**WORK REQUEST:**
How do the lines read from the one holding "Body manga comprida" through the last line of the listing? Set them down exactly, pictures omitted.

#### RAW DATA

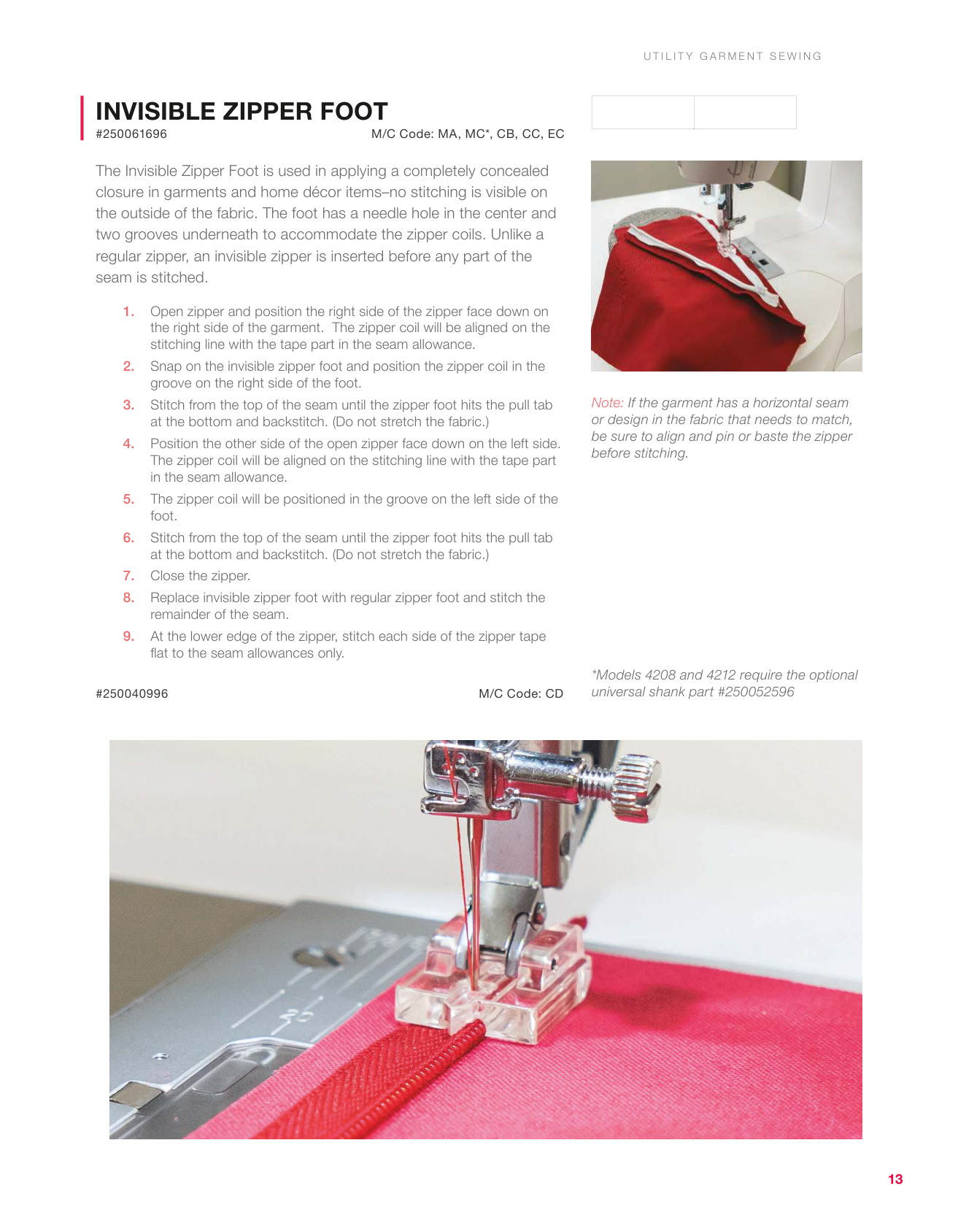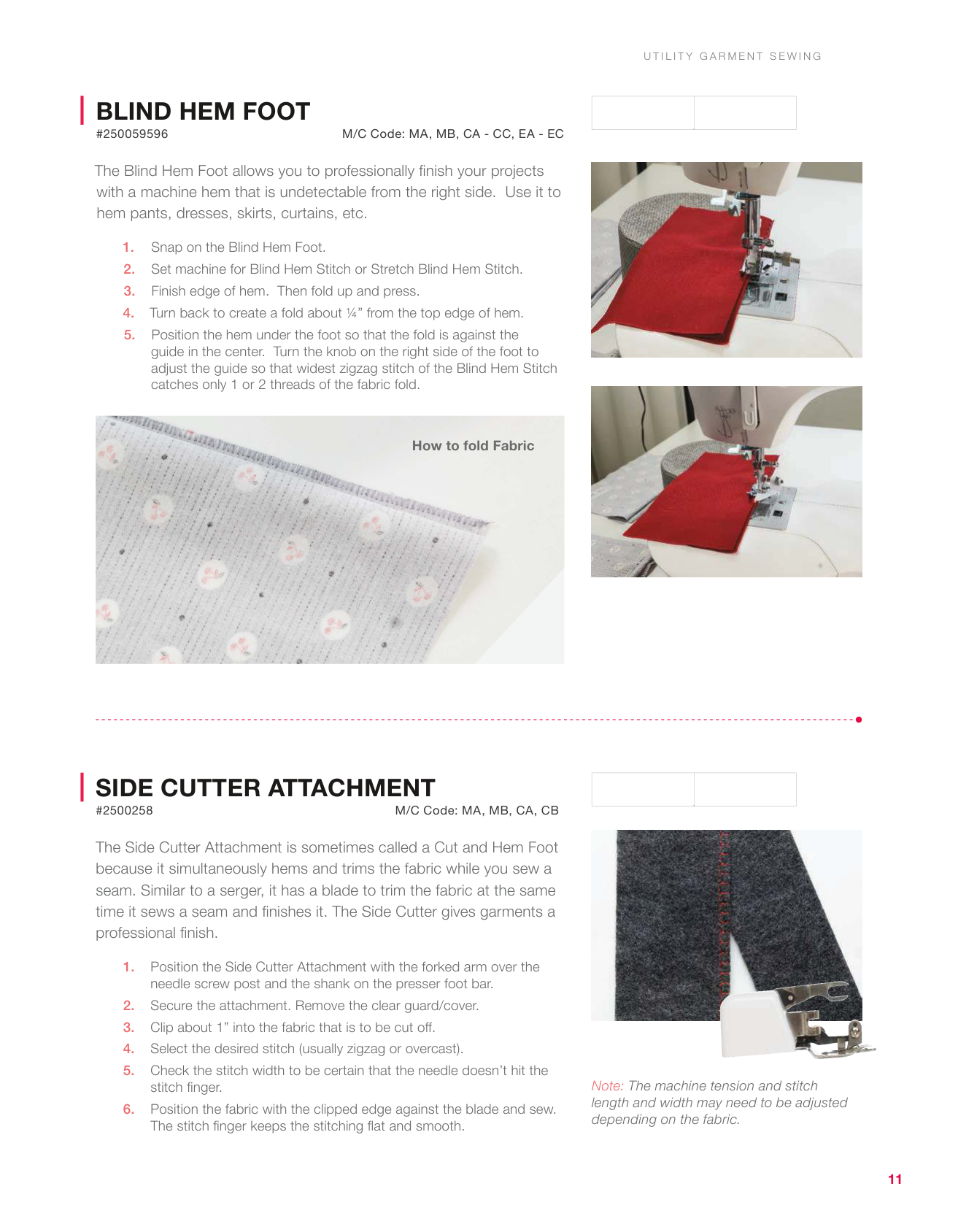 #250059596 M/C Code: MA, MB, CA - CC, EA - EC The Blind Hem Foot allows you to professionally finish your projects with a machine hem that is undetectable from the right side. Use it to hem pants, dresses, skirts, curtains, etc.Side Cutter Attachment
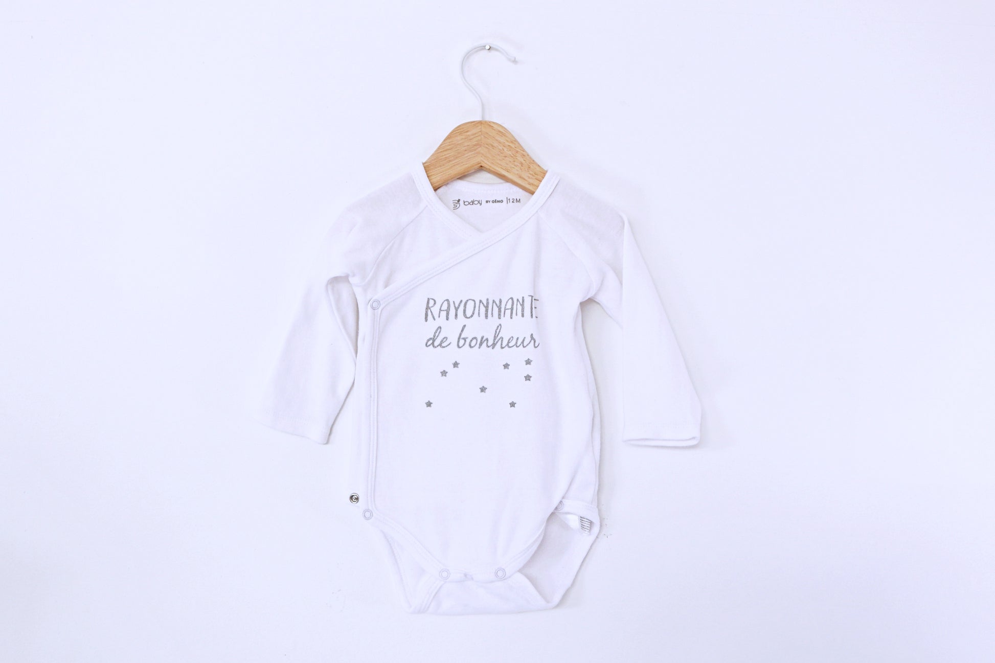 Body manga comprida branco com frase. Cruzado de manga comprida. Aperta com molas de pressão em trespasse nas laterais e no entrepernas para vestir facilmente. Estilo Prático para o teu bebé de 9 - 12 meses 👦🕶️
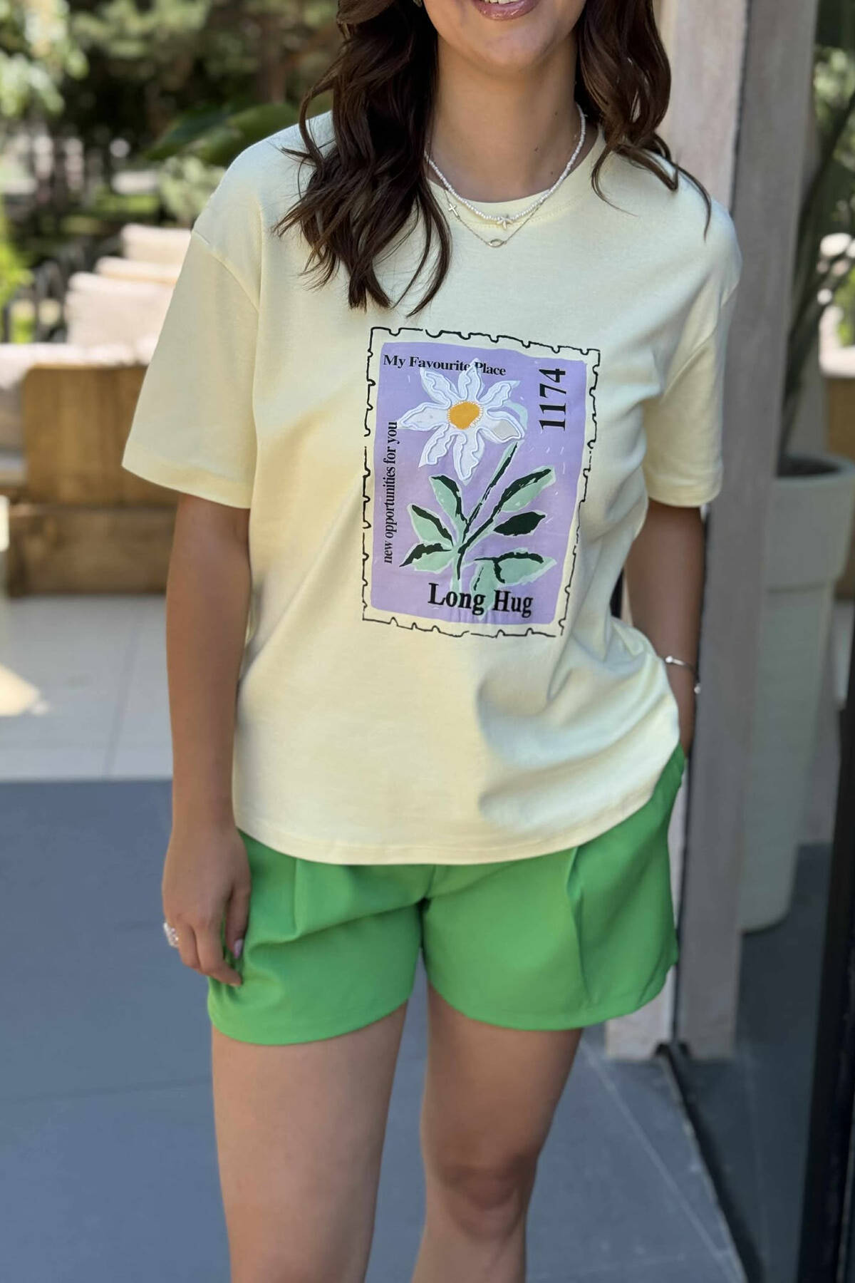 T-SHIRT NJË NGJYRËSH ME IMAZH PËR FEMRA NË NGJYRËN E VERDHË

########

**COMPLETED TASK:**
 Body manga comprida branco com frase. Cruzado de manga comprida. Aperta com molas de pressão em trespasse nas laterais e no entrepernas para vestir facilmente. Estilo Prático para o teu bebé de 9 - 12 meses 👦🕶️
 T-SHIRT NJË NGJYRËSH ME IMAZH PËR FEMRA NË NGJYRËN E VERDHË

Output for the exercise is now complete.